Mencerdaskan Bangsa, Non-Muslim pun Rasakan Manfaat Muhammadiyah
Sekretaris Umum PP Muhammadiyah Abdul Mu'ti mengatakan, lebih dari satu abad, andil Muhammadiyah sebagai pelopor di dalam pendidikan nasional. Ormas Islam terbesar di Indonesia -- setelah Nahdlatul Ulama --, telah mengayomi berbagai warga bangsa dari beragam latar belakang etnis dan agama. Bukan hanya bagi umat Islam, tapi juga non-Muslim.
“Pendidikan tantangannya adalah keterbelakangan. Hal inilah yang menajdi pilihan Kiai Dahlan. Kini ketika disebutkan Muhammadiyah yang diingat pertama kali adalah pendidikannya," tutur Abdul Mu'ti dalam keterangan diterima ngopibareng.id, Sabtu 16 November 2019.
Di Waingapu NTT dan banyak pelosok di Indonesia, menurut Mu'ti, bahkan sekolah Muhammadiyah banyak yang berdiri lebih dulu dari sekolah negeri.
Sebelumnya, hal tersebut diungkapkannya dalam pengajian bulanan Pimpinan Pusat Muhammadiyah di Gedung Pusat Dakwah Muhammadiyah Jakarta mengambil tema “Muhammadiyah Mencerdaskan Bangsa: Pengalaman Belajar di Muhammadiyah” dengan menghadirkan alumni sekolah Muhammadiyah dari beragam etnis dan agama, Jumat 15 November 2019.
“Selain sejalan dengan tema Milad Muhammadiyah ke-107 di Yogyakarta, tema ini juga sejalan dengan misi Nabi yaitu menyampaikan ayat, mengajarkan ayat, dan juga penyucian," tutur Abdul Mu'ti.

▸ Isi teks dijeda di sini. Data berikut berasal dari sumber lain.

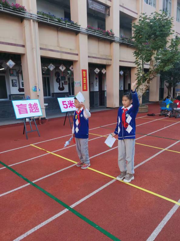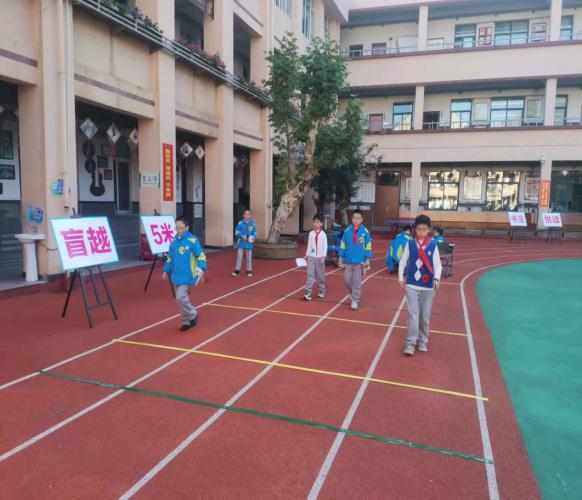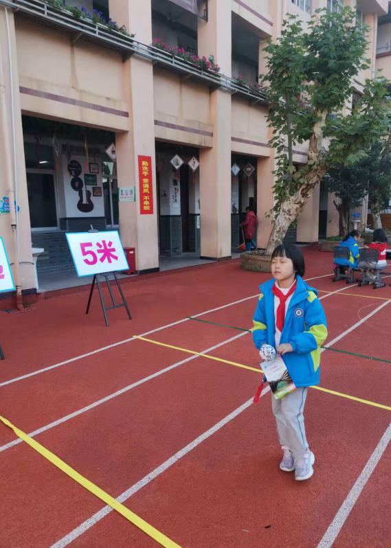 乐考内容与方法 盲越5米——数学+综合实践应用①测试方法:在起点线闭眼向前走5米,认为走到5米了举手示意。 ②评价标准:睁开眼睛或是睁眼偷看测试马上结束。 优秀:停在4-6米区域内; 通关:停在停在4-6米区域外3-7米区域内; 待努力:停在3-7米区域外,或是违规。 乐考过程展示 |

Semua ini terkait dengan pendidikan, yang diharapkan masyarakat berubah dari jahiliyah menjadi berilmu.
"Kiai Dahlan merintisnya satu abad yang lalu,” ujar Abdul Mu’ti.
Dalam forum tersebut, salah seorang pembicara, komunikator terkenal Ponijan Liaw, yang juga Presiden Asosiasi Pembicara Public Indonesia (IPSA) menyampaikan kesan 37 tahun lalu saat dirinya bersekolah di SMP Muhammadiyah Desa Pon, Deli Serdang Sumatera Utara.
“Saat itu, kebanyakan dari etnis Tionghoa di tempat saya memilih sekolah Muhammadiyah karena selain namanya terkenal, kualitasnya juga bagus. Kami siswa non-Muslim tidak pernah dipaksa menjadi Islam.
"Saya mendapatkan rekor Asia di New Delhi sebagai komunikator terbaik se-Asia ini hasil dari ilmu yang diberikan oleh guru-guru saya di Muhammadiyah dulu,” puji Ponijan Liaw.
Kesan yang sama disampaikan oleh dua pembicara lainnya Desak Made Darmawati dan Syamsudin Namugur. Sebagai putra asli Papua, Syamsudin Namugur berterimakasih atas kerja tanpa pamrih pendidikan Muhammadiyah.
“Tahun 1980 Muhammadiyah ternyata sudah datang di Kokoda. Sampai sekarang banyak non-muslim yang antusias ingin sekolah di Muhammadiyah. Bahkan banyak dari orang kami yang lulus dari Universitas Muhammadiyah di Papua ini menjadi guru-guru terbaik yang mengabdikan diri ke pelosok untuk membangun kampung. Muhammadiyah cocok untuk orang Papua,” kesan Syamsudin Namugur.
“Ini membuktikan, Muhammadiyah tidak memandang latar belakang dalam mencerdaskan kehidupan bangsa dan juga tidak Jawa-sentris,” tutup pembawa acara Sekretaris LHKI PP Muhammadiyah Wahid Ridwan.